Work request |
What the task requires is an exact printout of the listing below, pictures excluded.

Source data Start Marker

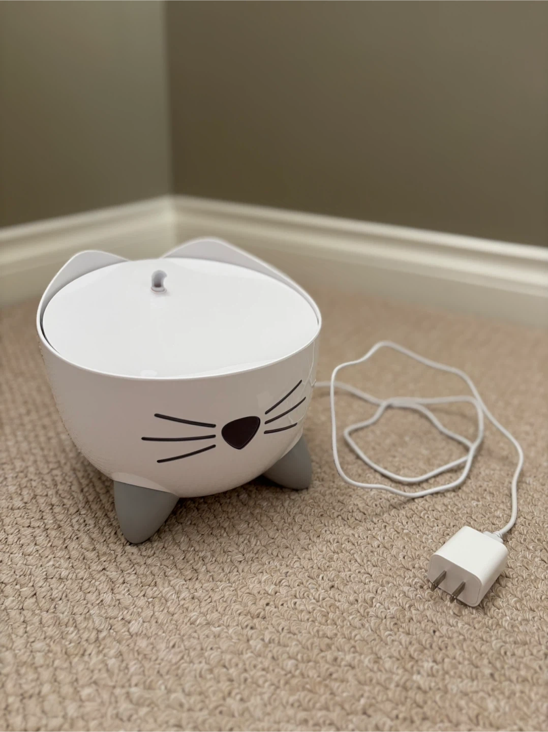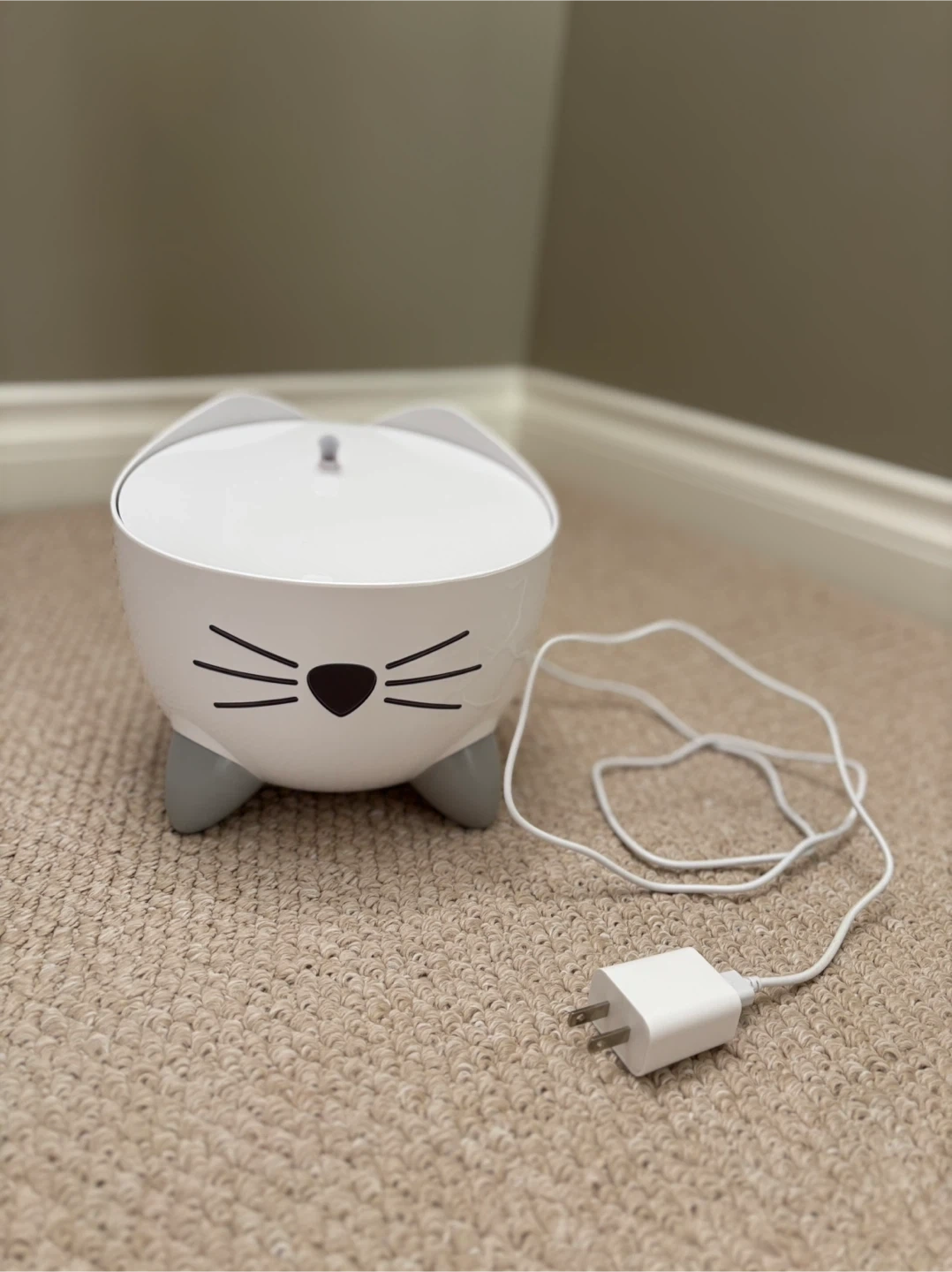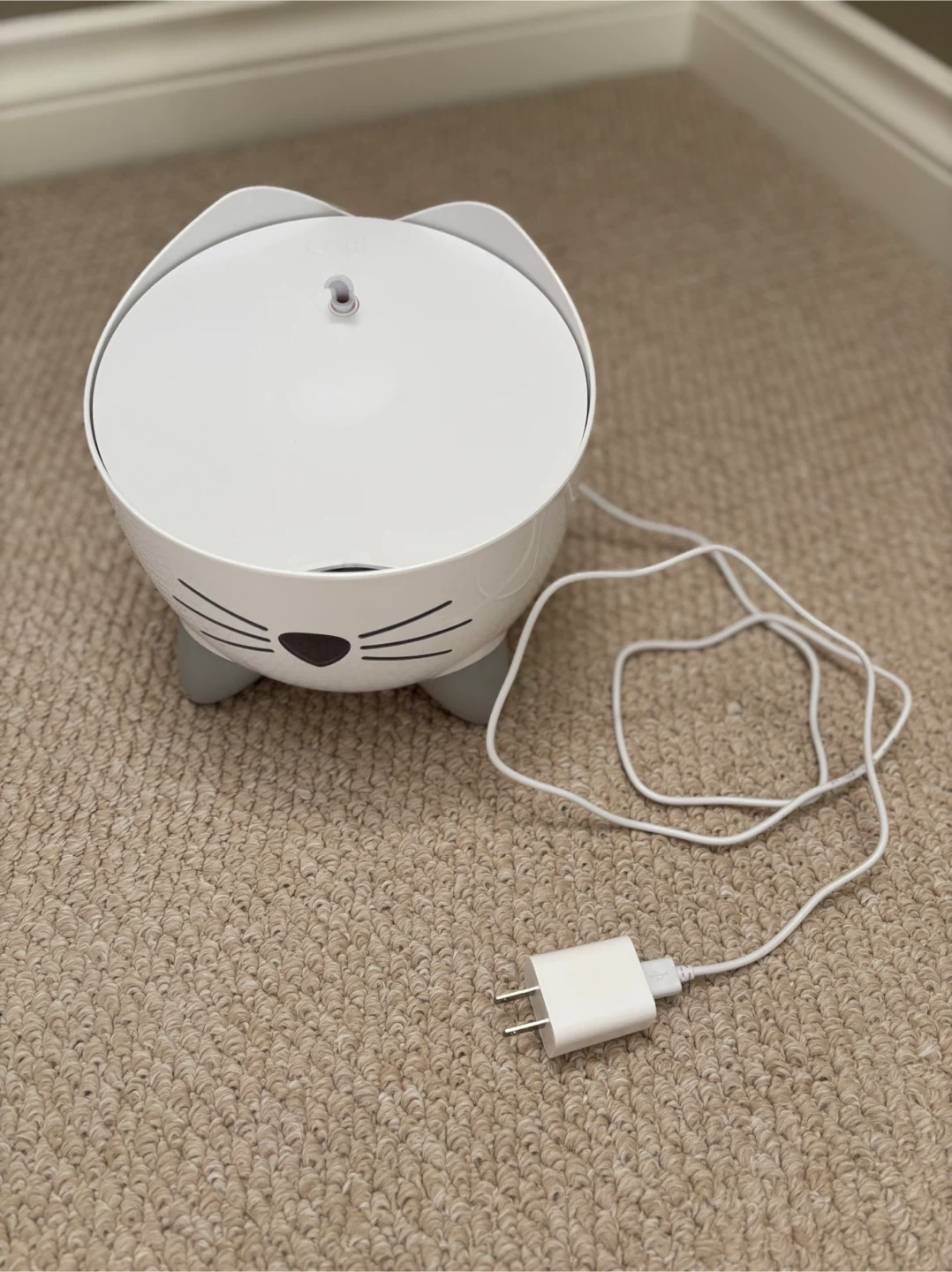 Selling a cute cat water fountain! It's in great condition and comes with ALL PIECES. It's a great way to encourage your kitty to stay hydrated. The design is adorable, with little cat ears and whiskers. It's easy to clean and keeps the water fresh - NEVER USED (BRAND NEW)
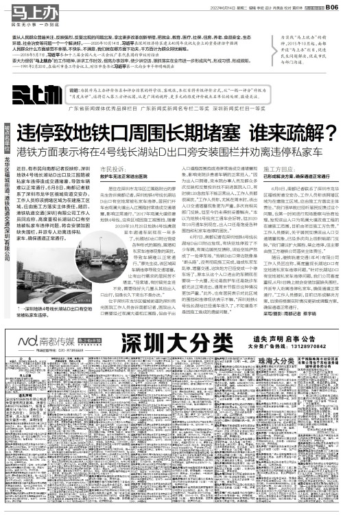被点名单位 龙华区福城街道、港铁轨道交通(深圳)有限公司 近日,有市民向南都记者反映称,深圳地铁4号线长湖站D出口及江围路被私家车违停造成交通堵塞,导致车辆难以正常通行。6月8日,南都记者联系
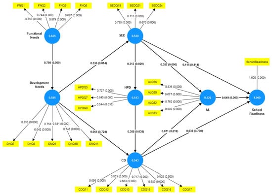 The raw data from respondents without outdoor play yards were excluded from analysis. The indicators in Table 4 operationalize the four components evaluating the importance of outdoor play to early childhood development and learning. With an overall mean score of 4.485, social and emotional development was determined to be the most important of the four aspects. Cognitive development came in s with an overall mean score of 4.49, while health and physical development came in third with an overall mean score of 4.46. With an overall mean score of 4.42, academic learning is considered as the least significant of the four constructs. In Table 4, the indicators for these four constructs have skewness values ranging from −1.494 to 0.345, and kurtosis values ranging from −1.935 to 1.338, showing that these indicators do not depart from the normality requirements according to Brown (cited in [80]).

Source data End Marker

Answer to this exercise |
 Selling a cute cat water fountain! It's in great condition and comes with ALL PIECES. It's a great way to encourage your kitty to stay hydrated. The design is adorable, with little cat ears and whiskers. It's easy to clean and keeps the water fresh - NEVER USED (BRAND NEW)
被点名单位 龙华区福城街道、港铁轨道交通(深圳)有限公司 近日,有市民向南都记者反映称,深圳地铁4号线长湖站D出口及江围路被私家车违停造成交通堵塞,导致车辆难以正常通行。6月8日,南都记者联系
 The raw data from respondents without outdoor play yards were excluded from analysis. The indicators in Table 4 operationalize the four components evaluating the importance of outdoor play to early childhood development and learning. With an overall mean score of 4.485, social and emotional development was determined to be the most important of the four aspects. Cognitive development came in s with an overall mean score of 4.49, while health and physical development came in third with an overall mean score of 4.46. With an overall mean score of 4.42, academic learning is considered as the least significant of the four constructs. In Table 4, the indicators for these four constructs have skewness values ranging from −1.494 to 0.345, and kurtosis values ranging from −1.935 to 1.338, showing that these indicators do not depart from the normality requirements according to Brown (cited in [80]).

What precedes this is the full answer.